Zarkos, Farkadona

Zarko or Zarkos (gr. ) is a village of the Farkadona municipality in the east part of the Trikala Prefecture, Greece. Population 1498 (2001). Zarkos is also a mountain (c. 730 m) in Thessaly

Zarko's initial name was ‘Fayttos’, however still it is not clear at which exactly point the name changed to 'Zarko'.

There is also loads of speculation regarding the source of its current name. Some people say that many roe deer (zarkadia, Greek: ζαρκάδια) used to live around the area, while others believe that this is actually the name (Zarko) of a Yugoslavian General who helped in a way to liberate the whole area.

The fact is that it all started thousands of years ago as archaeological excavations in the wider area brought up buildings of a prehistoric settlement, probably of around 6500-5800 BC.

During the Turkish occupation years Zarko was one of the main centres of the wider Thessaly area. There was more than a 5000 population and there was a Greek, a Turkish and a Jewish area. Zarko's people were mainly working in the fields producing cotton and they were quite capable of producing fabrics of the highest quality; in the late 19th century the 'Zarkina pania' (cotton fabrics of Zarko) were well-known in the area.

Zarkos was under Ottoman occupation until the liberation of much Thessaly as well as the modern south-eastern Arta Prefecture in 1881. Now-days you can still see the Turkish and the Greek forts that were build in the 19th century in order to define the borders between the 2 countries.

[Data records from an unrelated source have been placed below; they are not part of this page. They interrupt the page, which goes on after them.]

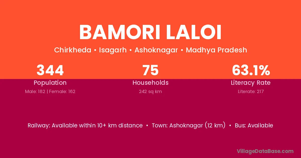 Ashoknagar (12 km) is the nearest town to Bamori Laloi village for major economic activities and is located approximately 12 km away.
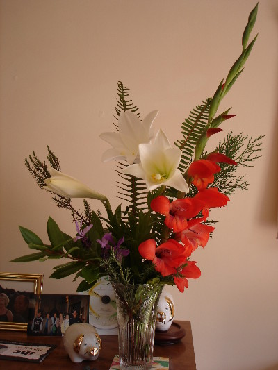 劍蘭和白色香水百合一枝枝的綻顏盛開
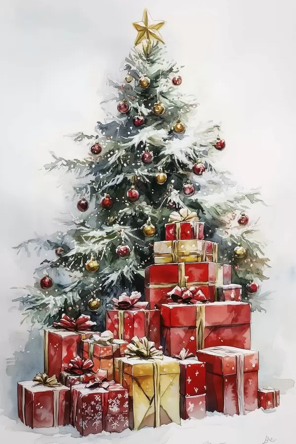 Poster Feestelijke kerstboom met ingepakte cadeautjes, sneeuw, aquarel stijl N° f41953
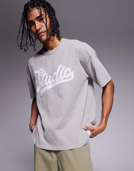 ASOS DESIGN - Oversized T-shirt van zware stof met zak en applicatie op de borst in grijs met wassing

After World War II and the Greek Civil War, the population steadily declined as residents moved to larger towns and cities. Many people also left as immigrants to countries like Germany and the United States.

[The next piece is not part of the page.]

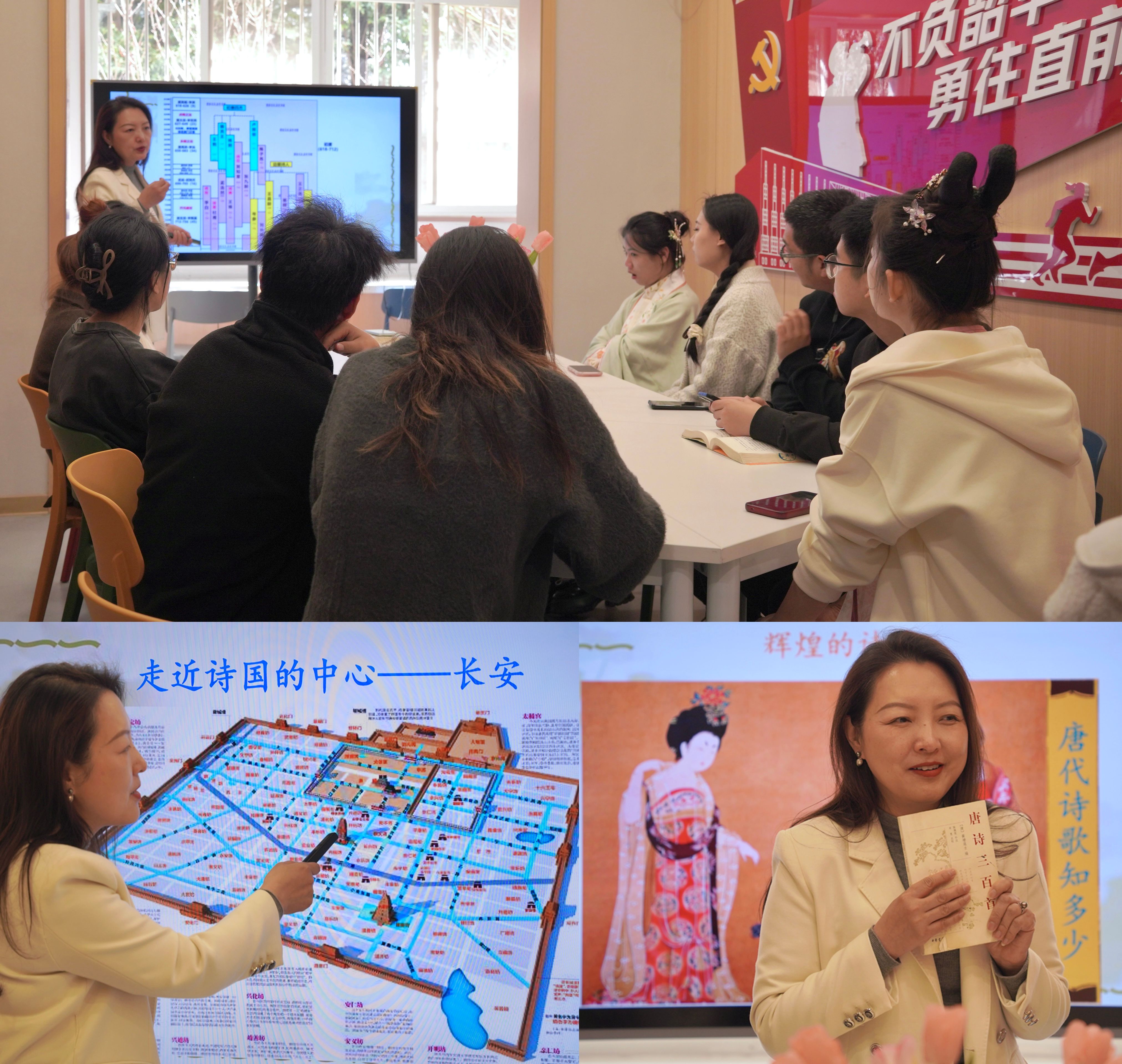 古诗词蕴含着丰富的历史信息、哲学思想和审美情趣。学习和弘扬诗词文化,可以增强民族自豪感和文化自信,丰富精神世界,提升个人文化素养和审美能力。博雅学生社区学业导师张静在带领同学们走进“唐诗与长安”的世界。

In the mid 50’s Zarko was the very first village in the area to start modernising the traditional way of agriculture. It introduced the first ‘fabric made water-pipes’ that were used in order to water the cotton fields, as well as bringing in the area the first tractors.

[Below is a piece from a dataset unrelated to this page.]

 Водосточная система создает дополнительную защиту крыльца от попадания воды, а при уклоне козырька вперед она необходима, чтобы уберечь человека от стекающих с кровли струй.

Electricity and automobiles arrived in the 1960s, it was linked with pavement in the late-20th century while television arrived in the 1970s. Internet and computers arrived in the late-1990s.

A special note needs to be done regarding the 12th century St. John’s monastery which is located around 2 kilometres north of Zarkos. Deserted for many years it is now reconstructed and occupied with nuns.